• INFORMATION PROVIDED
|---|

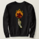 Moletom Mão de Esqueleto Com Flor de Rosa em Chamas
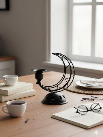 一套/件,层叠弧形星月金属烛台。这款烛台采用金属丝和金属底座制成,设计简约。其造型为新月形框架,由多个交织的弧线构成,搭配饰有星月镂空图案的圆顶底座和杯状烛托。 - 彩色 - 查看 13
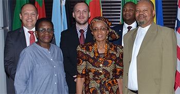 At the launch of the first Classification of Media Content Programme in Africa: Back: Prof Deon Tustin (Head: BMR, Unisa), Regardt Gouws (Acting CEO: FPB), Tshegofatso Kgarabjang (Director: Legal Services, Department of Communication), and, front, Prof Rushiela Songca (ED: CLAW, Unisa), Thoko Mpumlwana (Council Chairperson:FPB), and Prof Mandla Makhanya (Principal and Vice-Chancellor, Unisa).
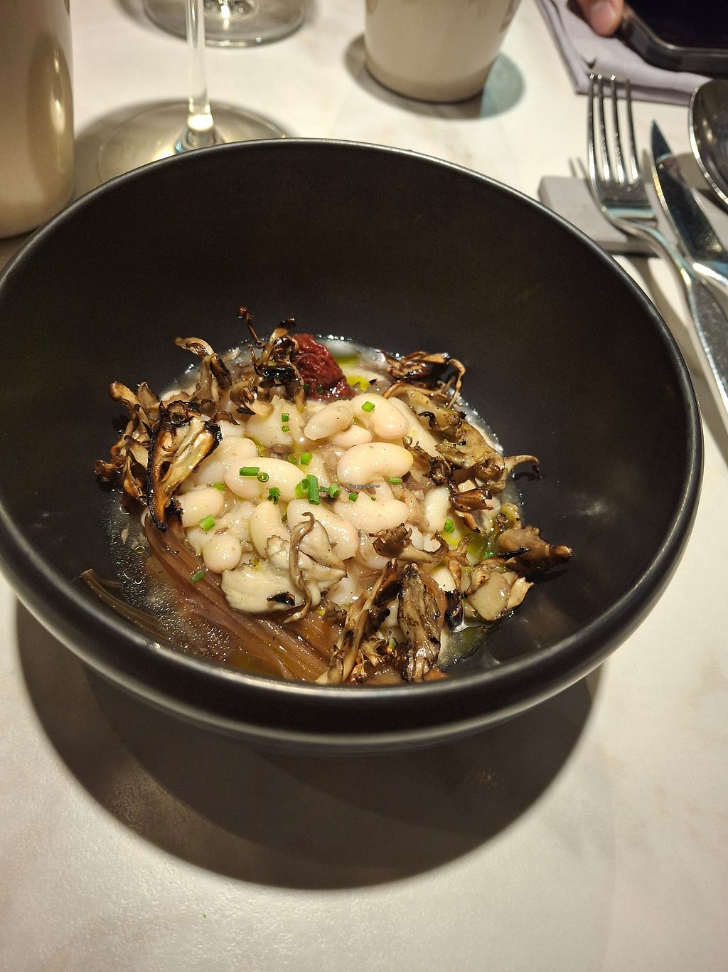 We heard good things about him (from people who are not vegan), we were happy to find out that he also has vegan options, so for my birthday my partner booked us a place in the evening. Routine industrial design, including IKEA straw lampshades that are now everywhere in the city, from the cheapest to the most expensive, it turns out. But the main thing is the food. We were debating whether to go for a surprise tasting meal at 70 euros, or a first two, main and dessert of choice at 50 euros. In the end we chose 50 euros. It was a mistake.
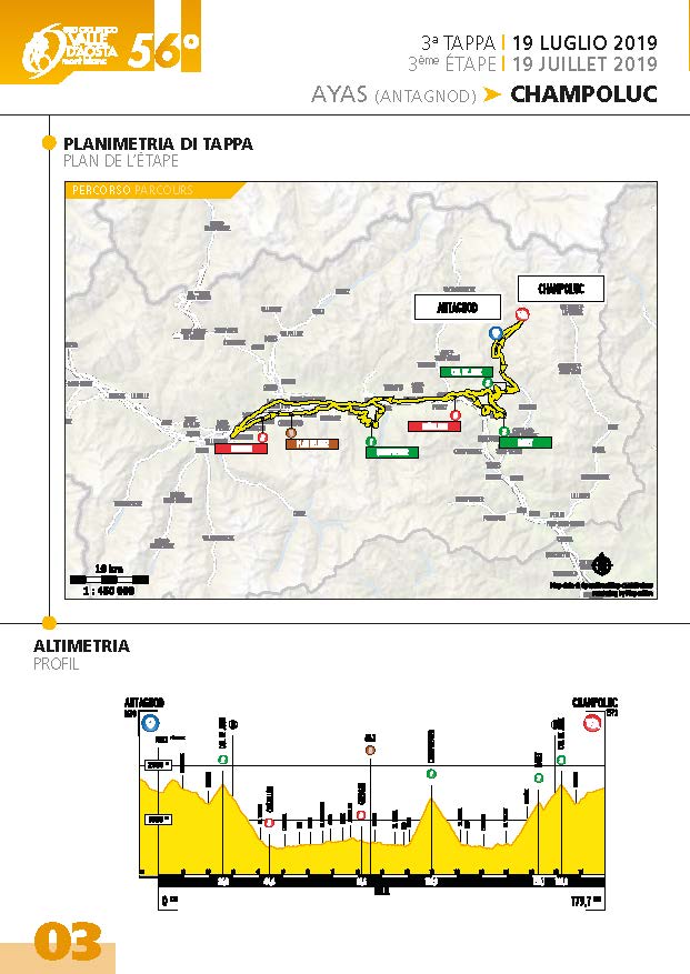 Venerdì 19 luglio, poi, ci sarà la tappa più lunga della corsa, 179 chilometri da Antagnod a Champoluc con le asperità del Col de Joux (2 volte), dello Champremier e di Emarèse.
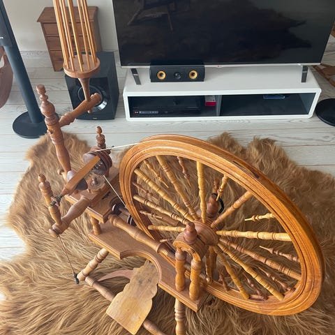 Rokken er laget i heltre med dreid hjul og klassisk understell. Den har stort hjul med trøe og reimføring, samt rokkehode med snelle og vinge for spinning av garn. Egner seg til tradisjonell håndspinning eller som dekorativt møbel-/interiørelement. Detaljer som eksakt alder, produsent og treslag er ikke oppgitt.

|---|

• WORK ORDER
Retype each line above exactly and leave out any picture.

• THE ANSWER
 Moletom Mão de Esqueleto Com Flor de Rosa em Chamas
 一套/件,层叠弧形星月金属烛台。这款烛台采用金属丝和金属底座制成,设计简约。其造型为新月形框架,由多个交织的弧线构成,搭配饰有星月镂空图案的圆顶底座和杯状烛托。 - 彩色 - 查看 13
 At the launch of the first Classification of Media Content Programme in Africa: Back: Prof Deon Tustin (Head: BMR, Unisa), Regardt Gouws (Acting CEO: FPB), Tshegofatso Kgarabjang (Director: Legal Services, Department of Communication), and, front, Prof Rushiela Songca (ED: CLAW, Unisa), Thoko Mpumlwana (Council Chairperson:FPB), and Prof Mandla Makhanya (Principal and Vice-Chancellor, Unisa).
 We heard good things about him (from people who are not vegan), we were happy to find out that he also has vegan options, so for my birthday my partner booked us a place in the evening. Routine industrial design, including IKEA straw lampshades that are now everywhere in the city, from the cheapest to the most expensive, it turns out. But the main thing is the food. We were debating whether to go for a surprise tasting meal at 70 euros, or a first two, main and dessert of choice at 50 euros. In the end we chose 50 euros. It was a mistake.
 Venerdì 19 luglio, poi, ci sarà la tappa più lunga della corsa, 179 chilometri da Antagnod a Champoluc con le asperità del Col de Joux (2 volte), dello Champremier e di Emarèse.
 Rokken er laget i heltre med dreid hjul og klassisk understell. Den har stort hjul med trøe og reimføring, samt rokkehode med snelle og vinge for spinning av garn. Egner seg til tradisjonell håndspinning eller som dekorativt møbel-/interiørelement. Detaljer som eksakt alder, produsent og treslag er ikke oppgitt.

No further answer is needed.